All the individual zone results in the study’s appendix reflect nodal modeling, he said. To the extent there are transmission constraints going into Zone J (New York City), the model tries to capture them.
But the model found the biggest constraint “by far” is really across NYISO’s Central-East Interface, “much more than it is going into southeast New York,” Newell said.
“We did the math, and not surprisingly, with the load-share approach, everybody in every zone, whether upstate or downstate or any part of those, gets about $10/MWh” in allocations, Newell said.
To levelize the net effect (what an LSE pays for the carbon component of the LBMP minus the allocated residuals), downstate zones would need to receive about $4/MWh more in allocated residuals than upstate zones, he said.
IPPTF Chair Nicole Bouchez, the ISO’s principal economist, said, “When we would go to do the allocations, there are only two things we can observe: one is the carbon component of the LBMP, and the other is how much money we collected from generators.”
The ISO cannot observe whether a carbon scheme attracted more investment downstate than upstate and thereby lowered capacity prices downstate, lower than the non-carbon component of LBMPs downstate, Newell said.
A carbon charge opens up a bigger gap between the upstate price and the downstate price, and the markets will tend to levelize the impacts somewhat as suppliers respond to and partially undo the price stimulus, he said.
“What are dynamic effects?” Newell said. “That’s the market responding to price signals.”
Seams and MER
Newell also presented analysis on seams, reiterating a presentation he made in April on applying carbon charge border adjustments to the ISO’s external transactions.
Newell backs the ISO in proposing to levy import charges and export credits in such a way that makes the effects of carbon pricing invisible to external transactions, with external resources competing on a “status quo” basis.

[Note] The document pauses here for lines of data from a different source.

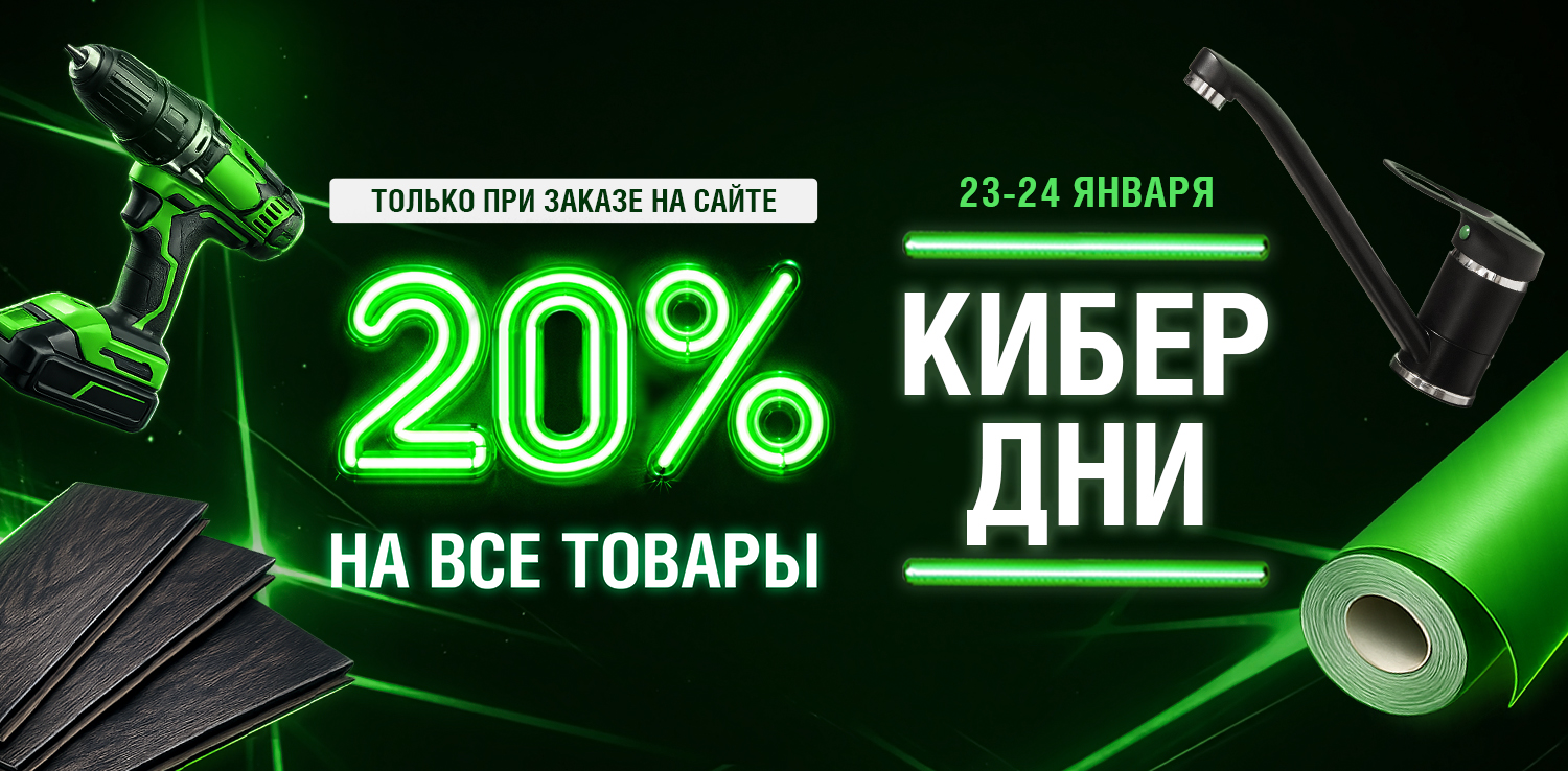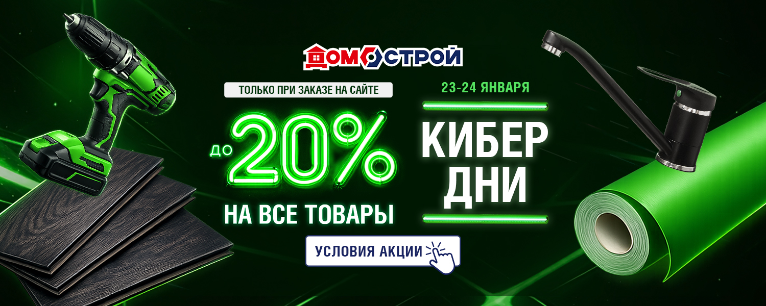 КИБЕРдни в сети ДомоСтрой! Только 2 дня — 23 и 24 января при заказе на сайте скидка -20% на огромный ассортимент товаров. Это отличная возможность приобрести напольные покрытия, обои, люстры, инструменты, двери, товары для дома и многое другое по привлекательным ценам! Оформляйте заказы в дни акции со скидкой и забирайте в течение 3 дней после.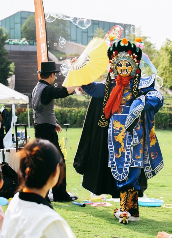 当阳光漫过文化中心露天草坪,这片区域便化作欢乐的海洋。“登陆鲜活岛”成为深受家庭欢迎的童趣空间,小丑互动让小朋友们追逐嬉戏,非遗变脸表演引得阵阵喝彩,泡泡秀表演更是让孩子们睁大了好奇的眼睛,欢声笑语在互动打卡点前定格,记录假期的温馨时刻。
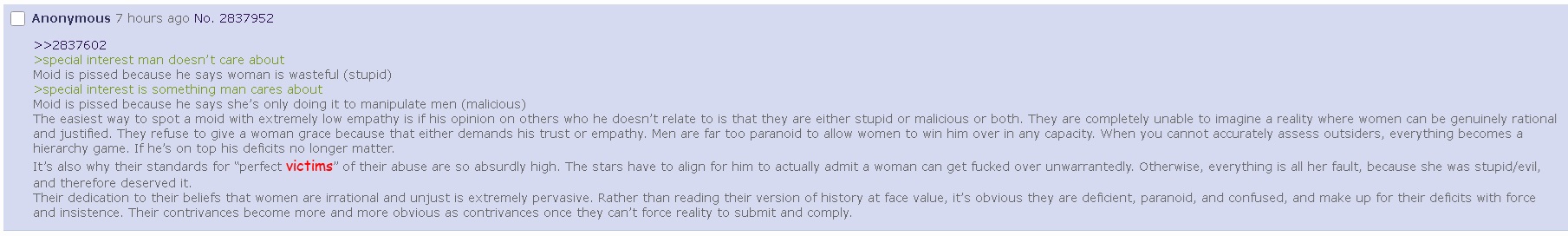 >The easiest way to spot a moid with extremely low empathy is if his opinion on others who he doesn't relate to is that they are either stupid or malicious or both. They are completely unable to imagine a reality where women can be genuinely rational and justified. They refuse to give a woman grace because that either demands his trust or empathy.foids GENUINELY expect you to believe things that aren't in your best interests

However, if NYISO were to consider an alternative approach, levying charges based on the emissions associated with transactions, several key concepts would have to be addressed, Newell said.

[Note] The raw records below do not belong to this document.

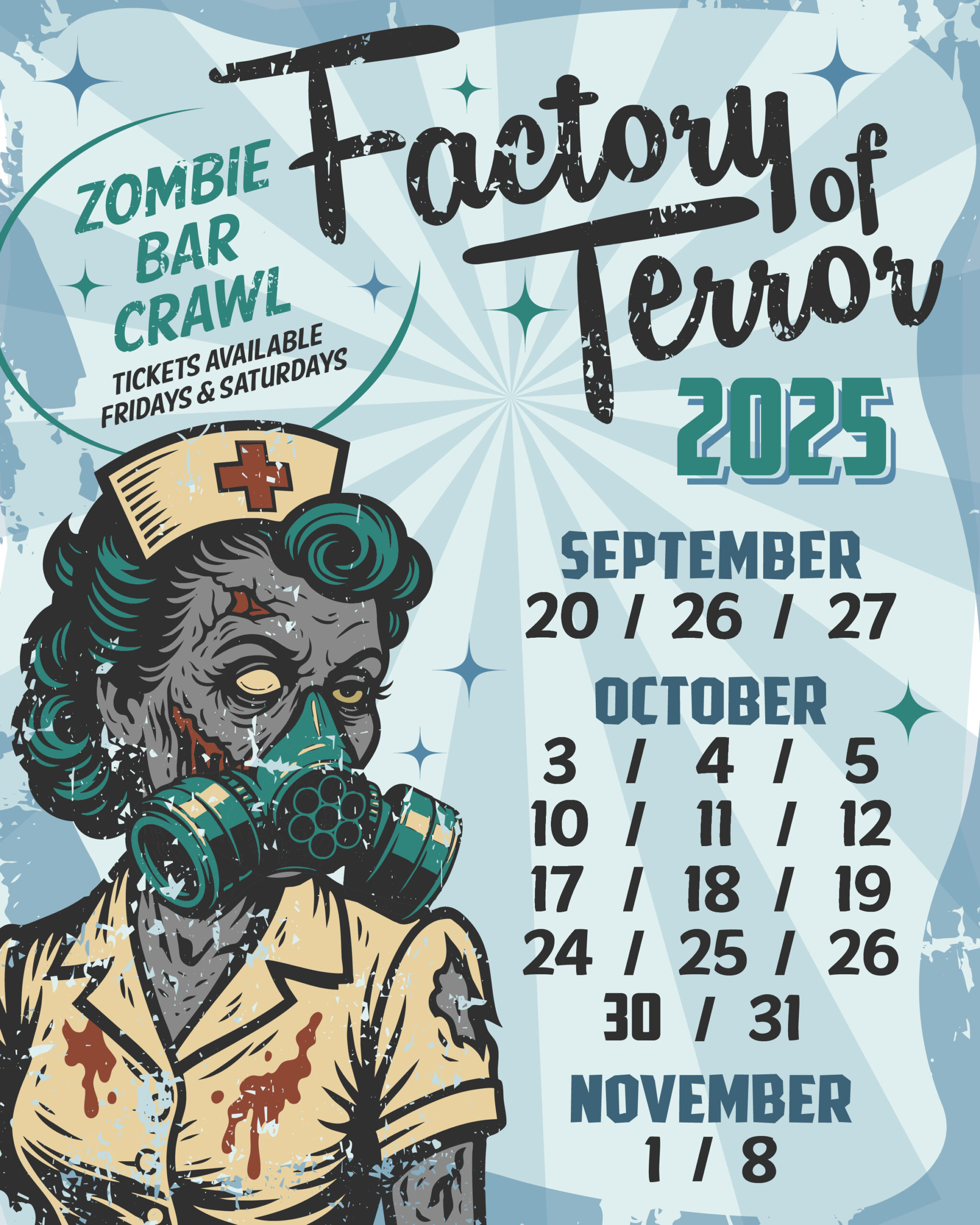 We’re open 20 terrifying nights from September 20 through November 8, with Zombie Bar Crawl tickets also available every Friday and Saturday.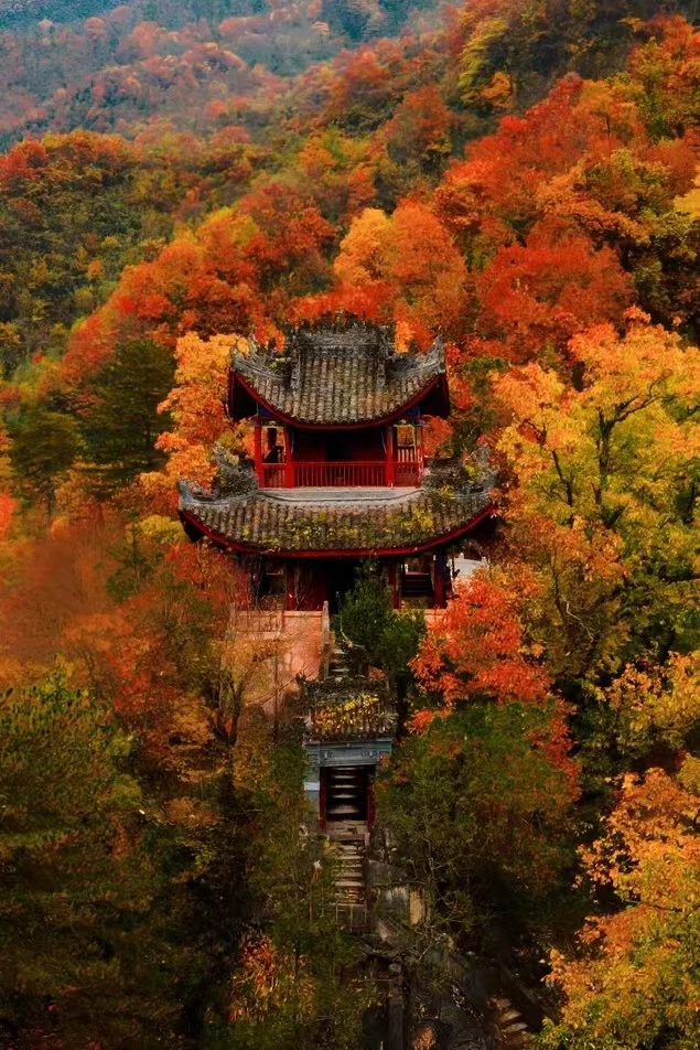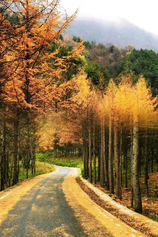 张良博物馆里的古银杏树、狮子沟牧场的金黄广阔的草地、情人谷景区的金黄落叶松、太子岭生态区漫山遍野的红叶、高江路的银杏和水杉…每一处都是满满的秋天韵味和色彩。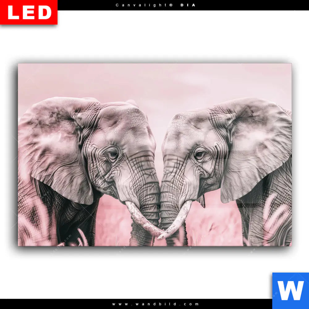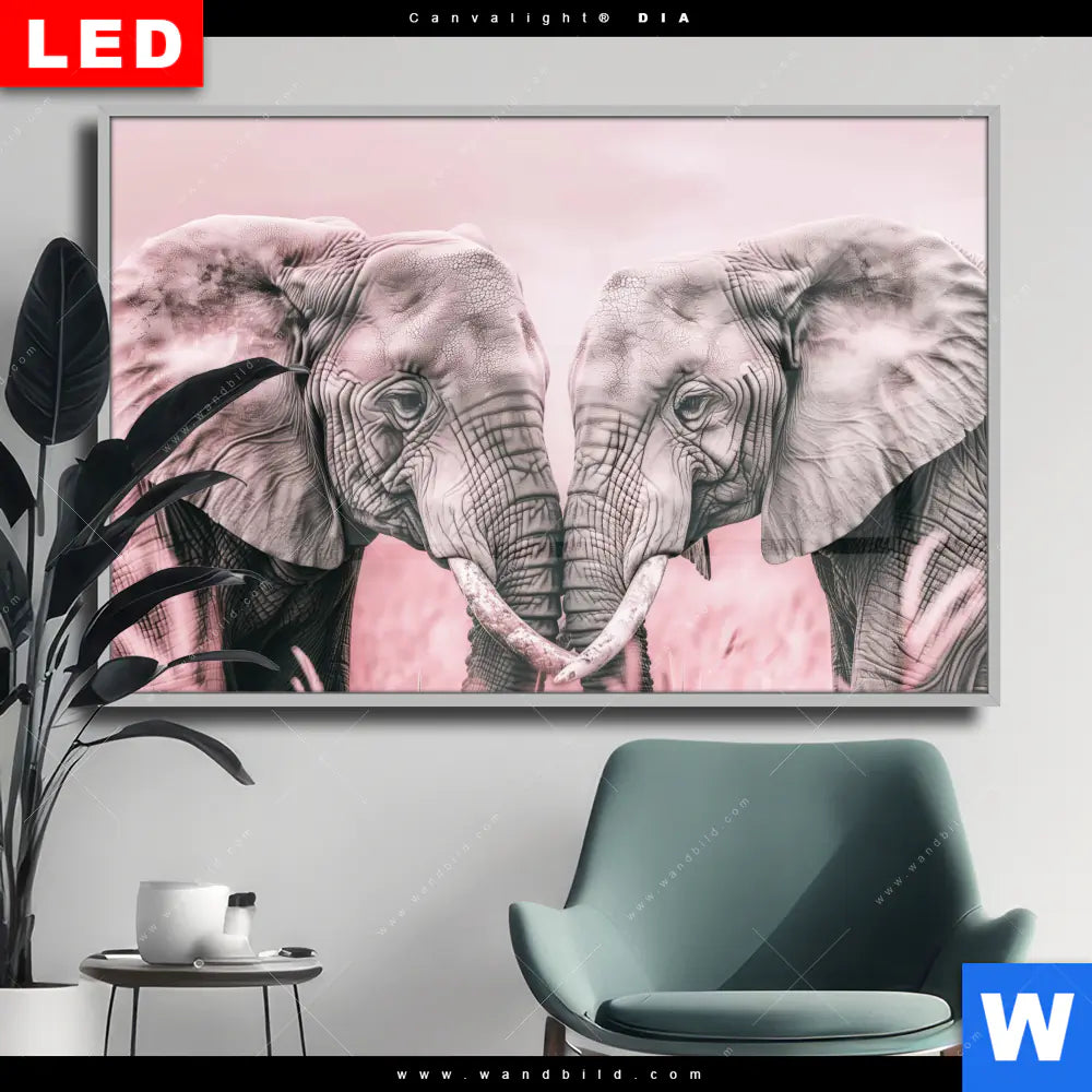 Wechselmotiv Acrylglas Canvalight® DIA | Elefanten - Harmonie in Pastell | Querformat

“What is the relevant rate?” Newell asked. “Is it the average rate of their fleet? No, it is the marginal emissions consequences of taking a transaction from there. That’s how spot pricing is supposed to work — to create efficient marginal incentives in the operating timeframe. So they’re not average emissions; it’s the marginal emissions rate.”
One stakeholder questioned the study’s hypothetical resource shuffling that might result from a “status quo” approach to carbon pricing, saying the ISO has import limits and it’s probably impossible for all of the nuclear generation in PJM to flow in while all the fossil generation in New York state flows out.

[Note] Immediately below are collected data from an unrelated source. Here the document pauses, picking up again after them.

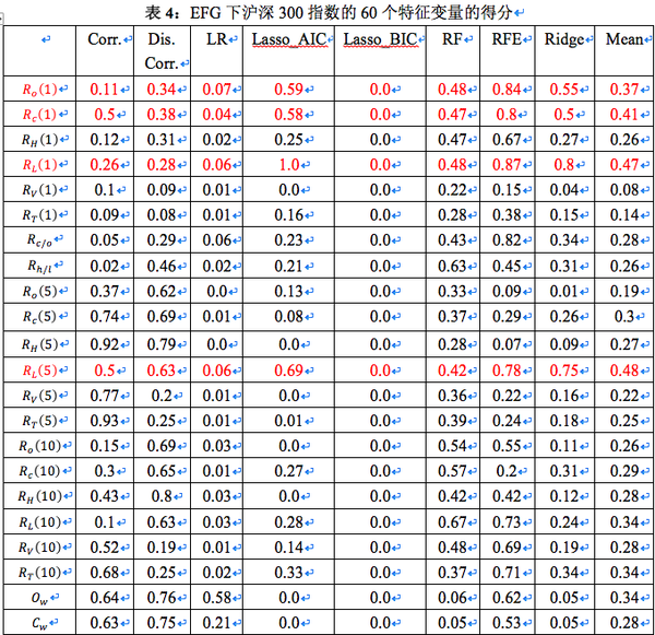 表4 为沪深300指数的 60 个特征变量的在 EFG 得分。值得注意的是,基于 BIC 的 Lasso 回归对所有的特征变量均给出了 0 分。其原因是是在 2647 个观测值的情况下,BIC 表达式中的惩罚项权重较高,我们选用的特征变量均未被认为能显著改善回归结果。红色部分为得分均值高于 0.35,用于聚类分析的特征变量。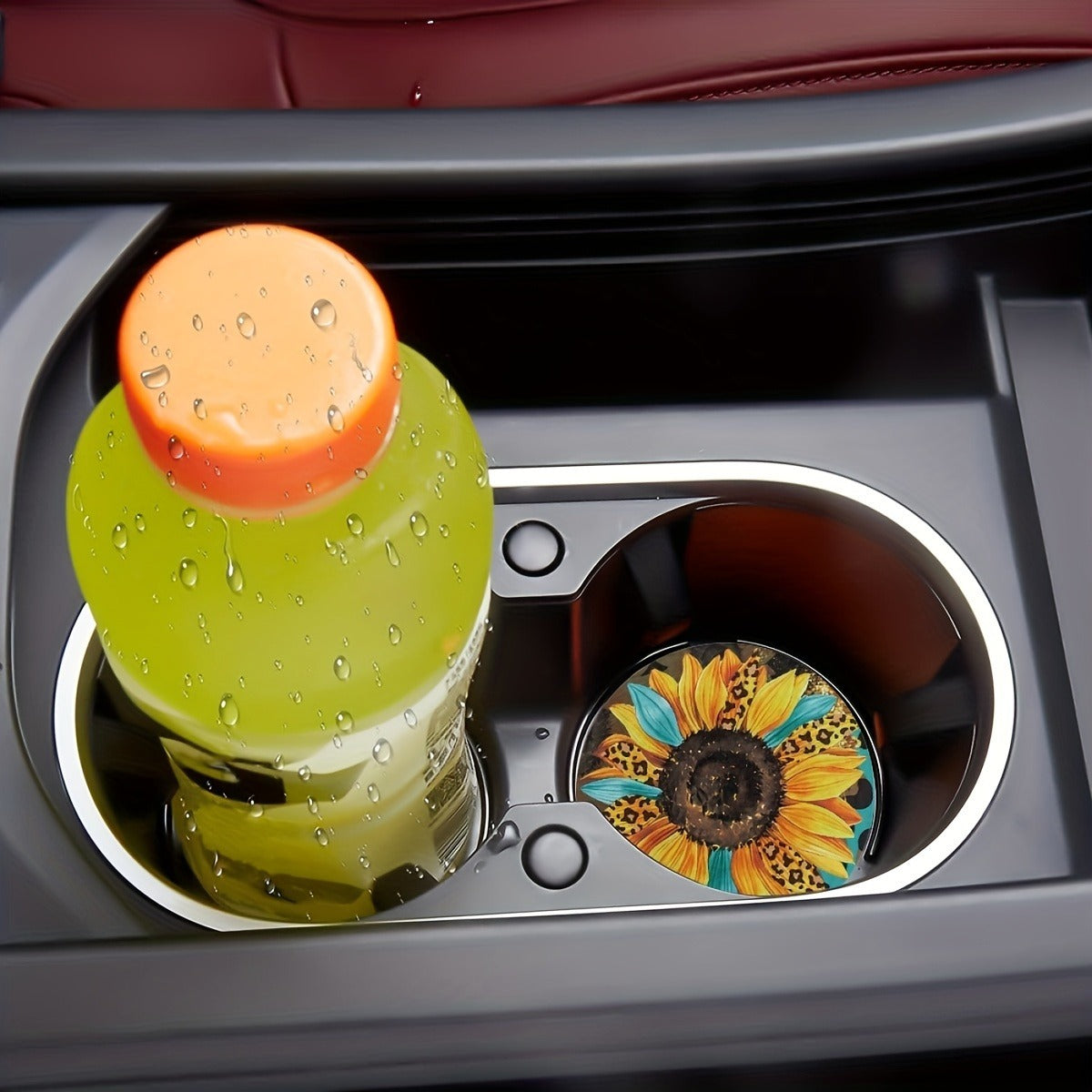 The 2PCS Sunflower Pattern Water Coasters are a perfect blend of style and function, making them an ideal accessory for your vehicle!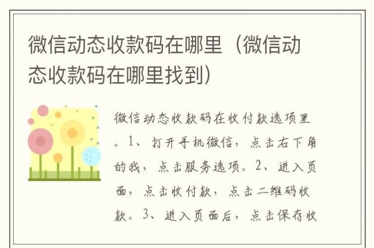 微信动态收款码在哪里-微信动态收款码在哪里找到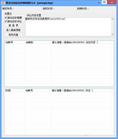 1、下载并打开莫言空间动态秒赞神器 2、登陆QQ账号,设置评论内容,选择秒赞和秒评论即可,支持挂机托盘

“Yes, it can happen,” Bouchez said. “When you look at imports and exports today, in any one hour, it’s almost unheard of to see transactions only going in one direction … physically there are people importing and exporting at the same time on the same interface. What matters are the net flows, which we calculate as the net of the imports and exports.”
Tariq Niazi, ISO senior manager and Consumer Interest Liaison, presented a study summarizing the Brattle report, finding that a carbon charge would reduce CO2 emissions approximately 3% by 2030, causing only limited fuel switching, and that most emission reductions would result from dynamic effects such as renewable shifts, nuclear retention and price-responsive load.
Speaking of the need to reconcile various reports and their differing cost estimates, Niazi said, “Our focus is to get this NYISO analysis done between now and mid-October, when we plan to come back.”
Brattle will present the final version of its customer impact analysis at the next IPPTF meeting on Oct. 15 at NYISO headquarters, with an additional task force meeting possible in the interim.